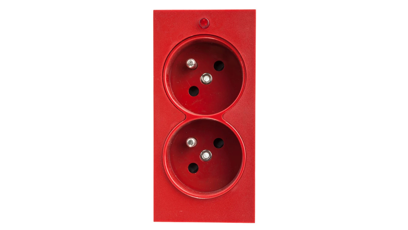 Gniazdo podwójne CIMA z uziemieniem 2-krotna 230V~ 16A, czerwony Connect o numerze katalogowym S2/6 w kategorii Gniazda systemu 45x45, Osprzęt biurowy, akcesoria. Produkt wyprodukowany przez markę KONTAKT-SIMON, seria CONNECT.
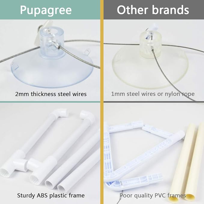- √Sturdy and durable - Thicker ABS plastic frame, 2mm strong steel wire and 3" heavy duty scution cups, these premium design make the cat window perch hold up over 40lb and always stay well on window.
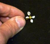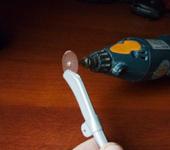 Сверлим отверстия и циакрином приклеиваем на крестовину. Вставляем в кусочек подходящей трубочки и расплавляем снизу ось(законтриваем).

Work instruction — Reproduce the material in full, word for word, and omit the pictures.

Solution —
 Gniazdo podwójne CIMA z uziemieniem 2-krotna 230V~ 16A, czerwony Connect o numerze katalogowym S2/6 w kategorii Gniazda systemu 45x45, Osprzęt biurowy, akcesoria. Produkt wyprodukowany przez markę KONTAKT-SIMON, seria CONNECT.
- √Sturdy and durable - Thicker ABS plastic frame, 2mm strong steel wire and 3" heavy duty scution cups, these premium design make the cat window perch hold up over 40lb and always stay well on window.
 Сверлим отверстия и циакрином приклеиваем на крестовину. Вставляем в кусочек подходящей трубочки и расплавляем снизу ось(законтриваем).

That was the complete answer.